По мнению Гоффмана, когда люди, совершившие «неподобающие поступки» становятся объектами тоталитарных систем, это приведет к тому, что они будут совершать их еще чаще: «Если лишить людей всех привычных способов выражения гнева и неприязни, и поместить их в место, где у них есть все поводы для этих чувств, то естественным выходом будет использование того, что останется, — ситуативных нарушений».
Здесь Гоффман обнаружил то, что философ Ян Хакинг назвал социальным «циклом»: характеристика человека как члена социальной категории (в данном случае психически больного) приводит к тому, что у него появляется все больше характеристик, которые оправдывают такое положение. Психиатрическая больница якобы просто реагировала на психические заболевания, но на самом деле в какой-то степени создавала их.
В книге «Стигма» Гоффман обратил внимание на процессы социального отчуждения за пределами института. Он понимал стигму как «глубоко дискредитирующий признак», который делает человека «запятнанным» или отвергаемым, таким образом, «лишает его права на полное социальное принятие». По его мнению, существуют телесные стигмы (инвалидность), моральные стигмы (например, предполагаемые пороки характера) и племенные стигмы (принадлежность к определенным расам, нациям, религиям или классам).
Гоффман четко определил, что стигма «сама по себе не заслуживает ни доверия, ни порицания». Вместо этого общество определяет, какие атрибуты являются обычными и естественными, а какие — нет. Он был особенно проницателен в отношении проблем, с которыми сталкиваются люди со стигмой, и того, что мы сейчас можем назвать респектабельностью. «Стигматизированный человек все время задается вопросами: «Показывать или нет? Рассказать или нет? Лгать или сказать правду? Где, кому и как?» — объясняет он. Он приводит яркий и проницательный пример такого поведения: слабовидящие люди, которые предпочитают носить темные очки, «чтобы показать свою неспособность видеть и одновременно спрятать ее от других».

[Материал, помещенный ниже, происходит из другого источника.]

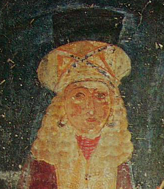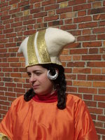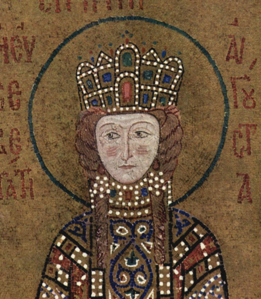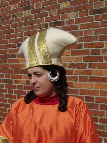 Les dames de la cour de Constantinople sont réputées pour leurs extraordinaires couvres-chef. Eudocia, en tant que dame de compagnie de l’impératrice, sait porter avec élégance ce type de coiffe, tout en arborant une coiffure recherchée et des bijoux afin de bien marquer son status social.
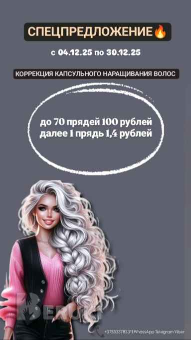 Спецпредложение в Минске действует 04.12.25 - 30.12.25 наКОРРЕКЦИЮ КАПСУЛЬНОГО НАРАЩИВАНИЯ ВОЛОС. 1).Фиксированная стоимость:*70 прядей 100 рублей;*далее 1 прядь 1,4 рублей;2).Используем микро и нано-капсулы.3).Бережное и безопасное выполнение процедуры.4).Индивидуальный подход.
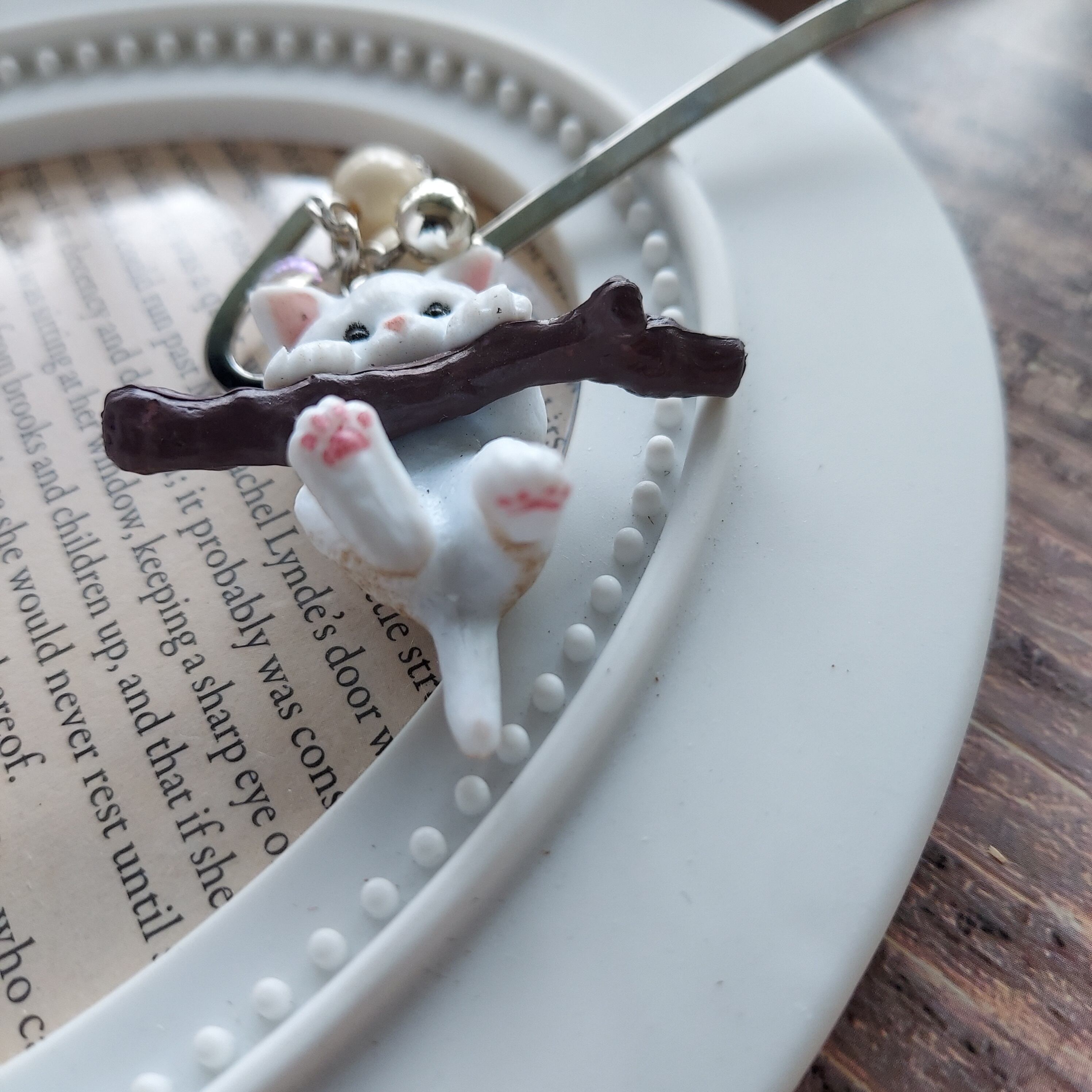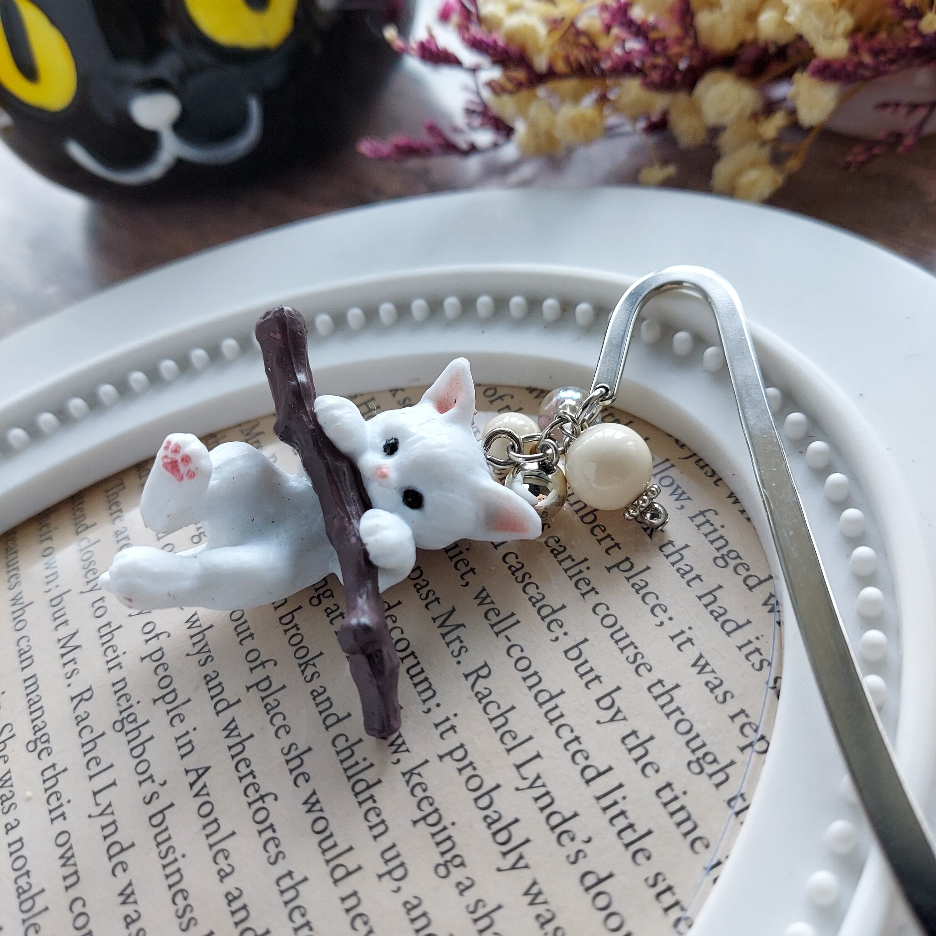 木登りをしているやんちゃで可愛らしい猫のチャームが揺れる、ハンドメイドのブックマーカーです。本を読むのが好きな方にオススメのアイテムですよ!
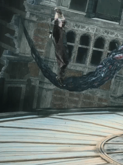 | Edge Attack | Dante does a somersault over the edge while shooting Ivory.
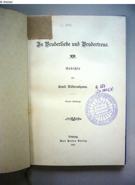 Auf Vorsatzblatt: No. 108 [schwarz], auf Titelblatt: IG 0802 [grau], [1 überklebte Nummer], R. 559 (IG 0802/8) [Große Freimaurerloge Zu den alten Pflichten], auf hinterem Vorsatzblatt: 68 [rot], Stempel "Kartei notiert" + [unleserliches Kürzel]
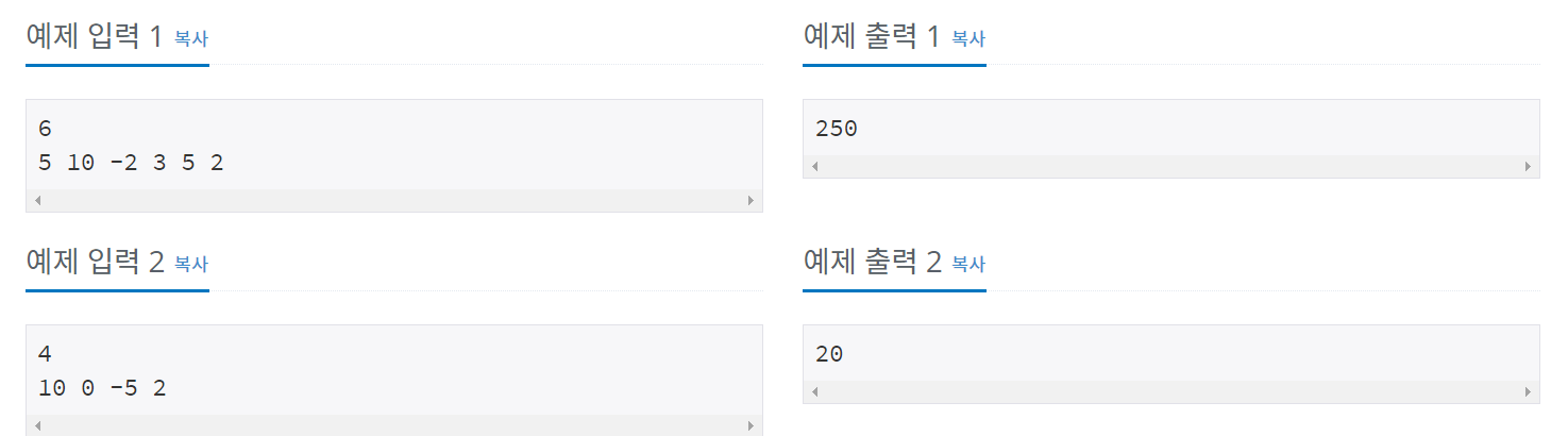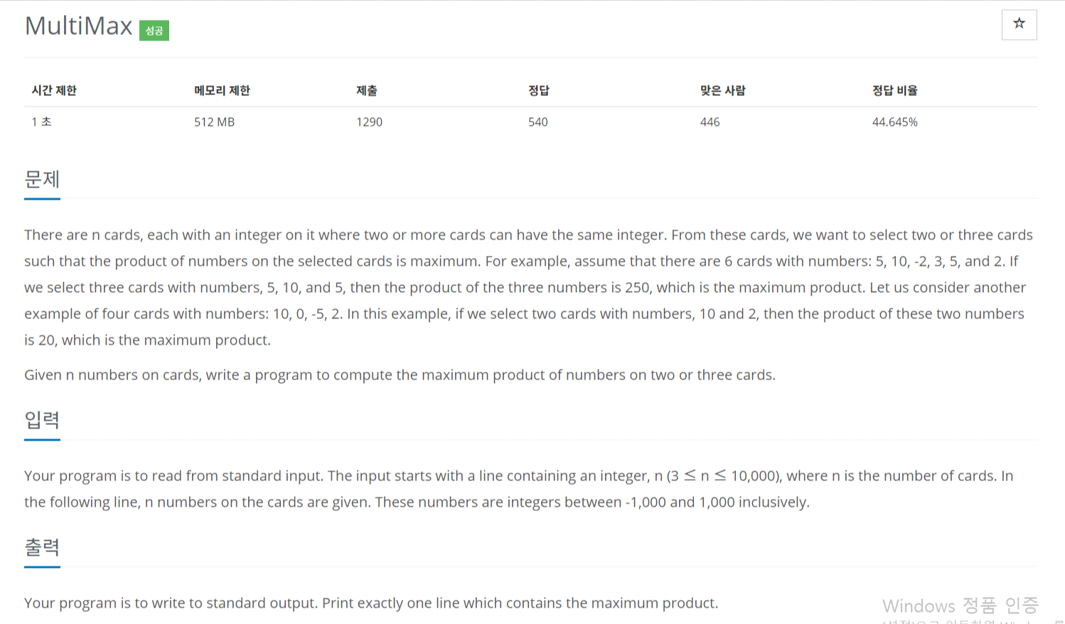 영어지만.. 해석하면 주어진 숫자중에 2개나 3개를 골라 곱한 값이 Max인 값을 출력하면 된다.
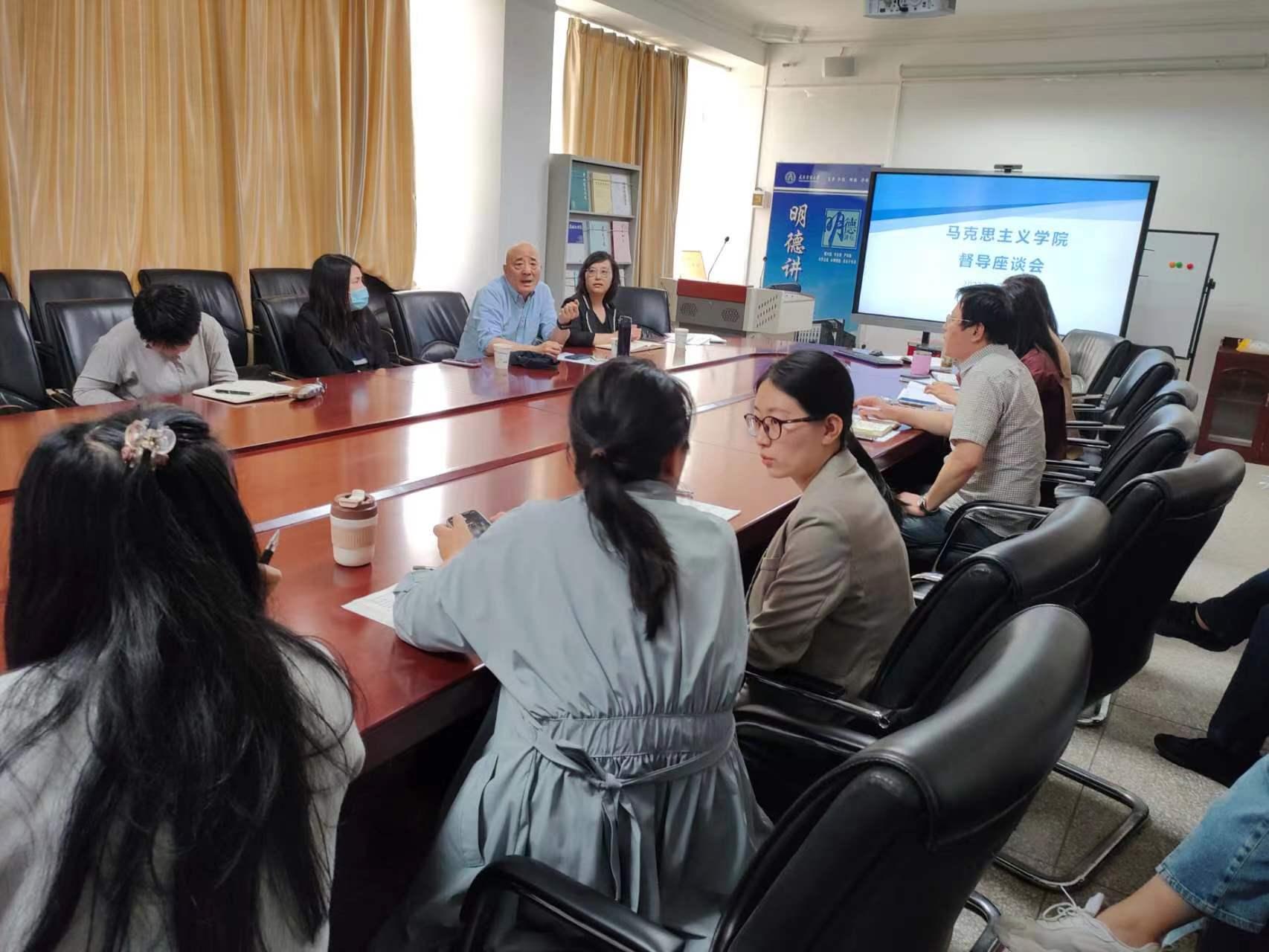 5月10日上午,马克思主义学院在学院210会议室召开本科教学督导座谈会,学校督导刘宏教授、高京平教授、教学质量保障中心何延岩、学院领导班子成员、各教研部主任及部分教师代表参加座谈,教学副院长陈映霞主持会议。
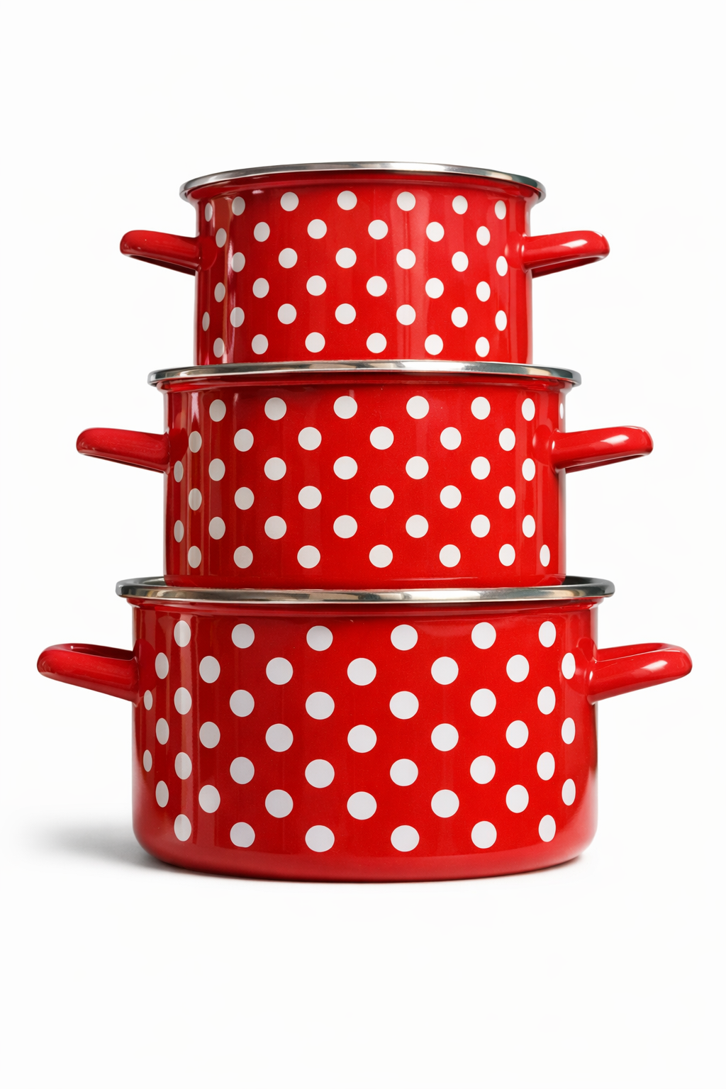 Set de ollas esmaltadas con diseño clásico de lunares blancos sobre fondo rojo, ideal para dar un toque alegre y tradicional a tu cocina. Fabricadas con material resistente, perfectas para preparar todo tipo de comidas de forma cómoda.
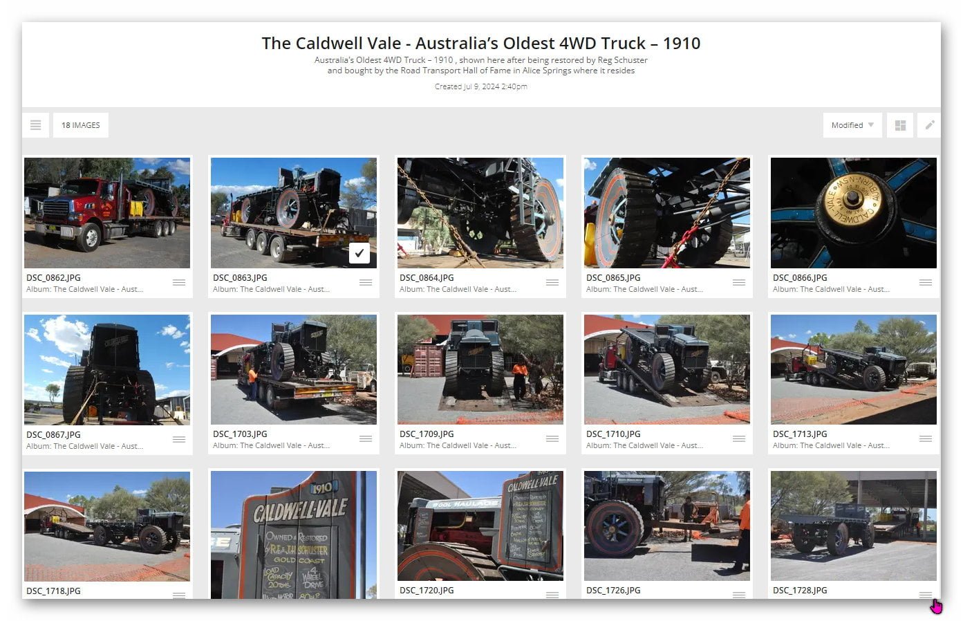 In February 2015 the Transport Hall of Fame acquired Australia’s oldest 4WD truck, the Caldwell-Vale built in Auburn (Sydney) in 1910.
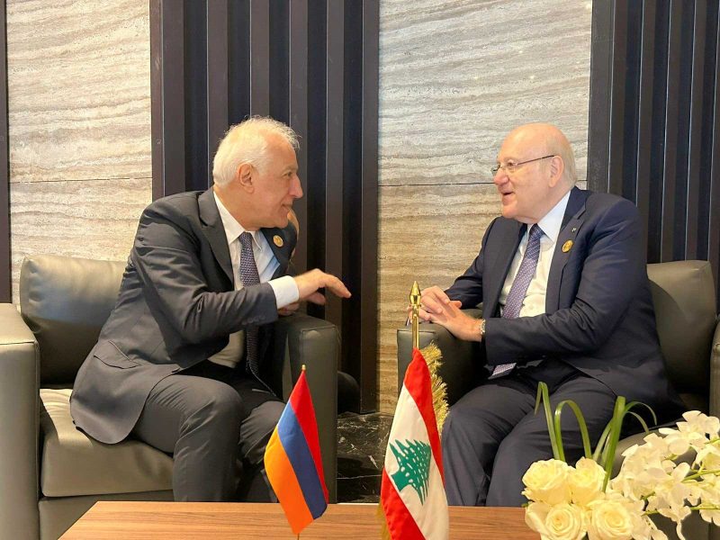 كما إجتمع ميقاتي مع رئيس جمهورية أرمينيا فاهاكن خاتشاتوريان، وتم البحث في وضع اللبنانيين في ارمينيا والمشاركة اللبنانية الفاعلة في كل القطاعات الاقتصادية وضرورة العمل على تطويرها.
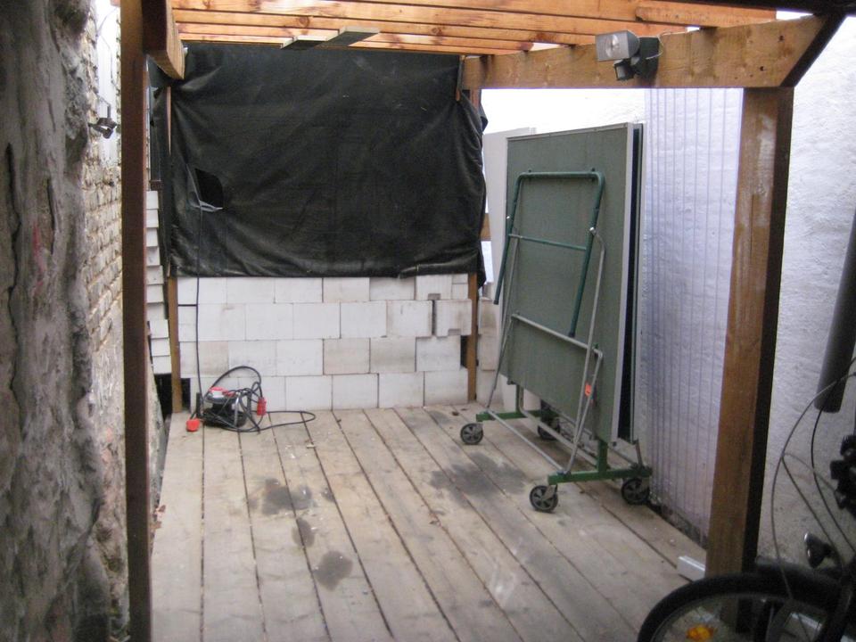 Kleiner Holzschuppen: Bietet Platz für Brennholz, Spalter, Fahrräder, etc.
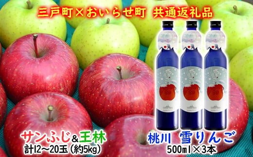 【三戸町×おいらせ町 共通返礼品】りんご「サンふじ&王林」×お酒「雪りんご」セット(先行予約 12月発送)
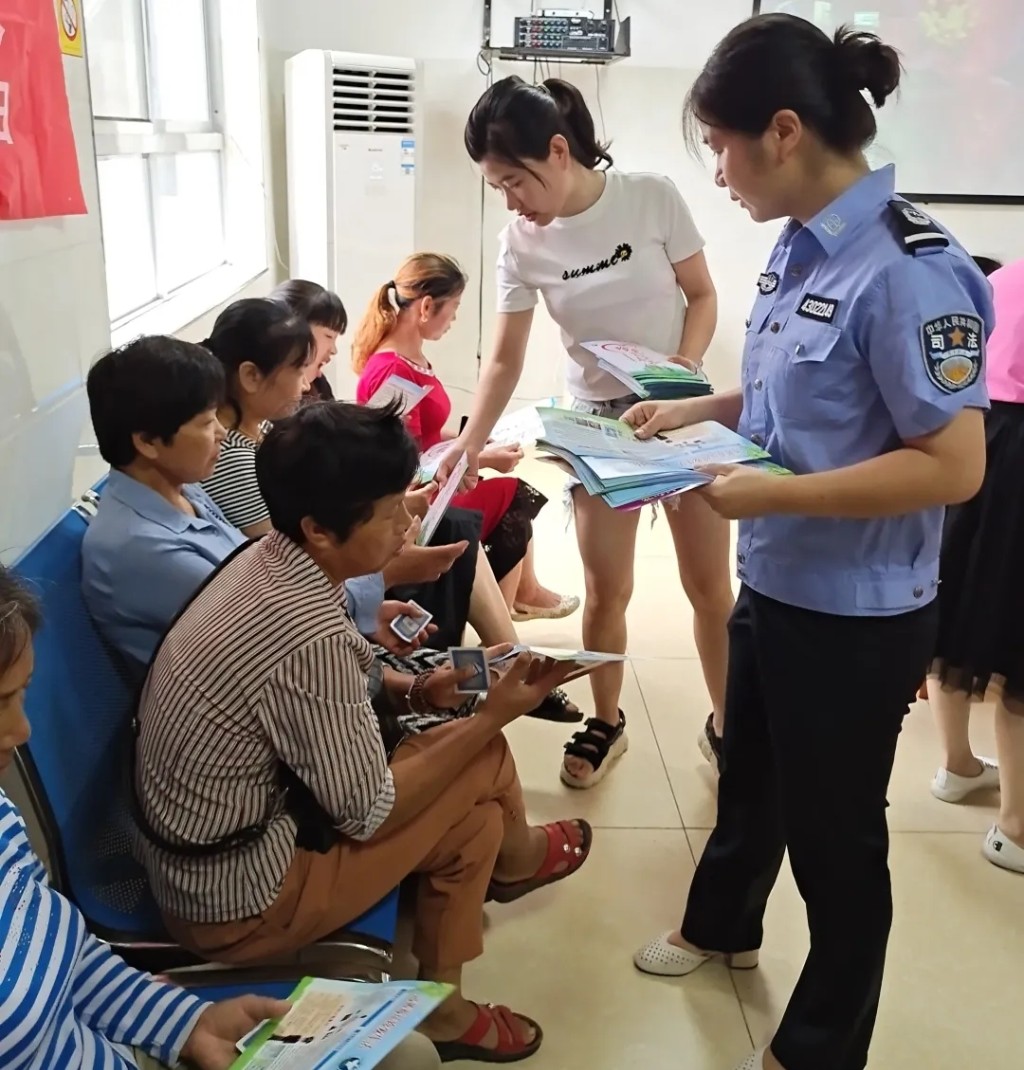 一大早,他们就利用镇卫生院为适龄妇女免费进行两癌筛查的机会,通过发放宣传单,观看宣传片等方式向妇女们科普毒品的危害,拒绝毒品,守护家庭。

Стигматизированный человек, утверждал Гоффман, навсегда останется «чужаком». Мнимое включение в любое сообщество всегда будет временным и шатким, и человек будет жить в страхе смутить тех, кто соизволил его принять. От такого человека будут ожидать, что он окажет новому сообществу такое признание, которое он никогда не получит в ответ. В лучшем случае можно надеяться на «мнимое принятие», чтобы ощутить столь же «мнимую нормальность».
Трудно сказать, как мы можем использовать его наследие. Гоффман не предложил никаких основополагающих принципов, никакого всеобъемлющего анализа мира в его совокупности. Не всегда была ясна и его методология: он использовал слишком много данных, чтобы претендовать на звание теоретика, а работы были слишком абстрактными и яркими для научной этнографии.
Однако именно в этом и значительное достоинство его работ. Гоффман показал, что не нужно формулировать грандиозную теорию мира, чтобы улучшить его понимание. Часто ученые спешат выдать большую теорию, когда еще не оценили всю сложность даже самых незначительных явлений: например, падения человека на улице. «Даже одно концептуальное различие, — считал Гоффман, — может иметь большую ценность, если оно упорядочивает, подсвечивает наше восприятие».
Выявив «порядок взаимодействия», Гоффман также осветил ранее скрытую сторону жизни. Выступая против явления, которую сам он называл «жалкой попыткой оградить часть мира от социологии», Гоффман показал нам, что жизнь социальна везде. Все, что мы делаем, подвержено влиянию норм и ожиданий общества.
Это открытие может показаться удручающим: неужели мы обречены лишь на то, чтобы оправдывать ожидания других людей? Но в этом можно найти и светлую сторону. То, что мы можем списать на личную неловкость, на самом деле свидетельствует об остром восприятии социальных норм. Особенности тела, поведения и ума, о которых другие говорят как о врожденных недостатках, на самом деле не имеют никакого значения: их предполагаемая дефектность проистекает из произвольных социальных стандартов «нормальности». И в конечном итоге, только осознав условность и искусственность таких социальных норм, мы можем начать их менять.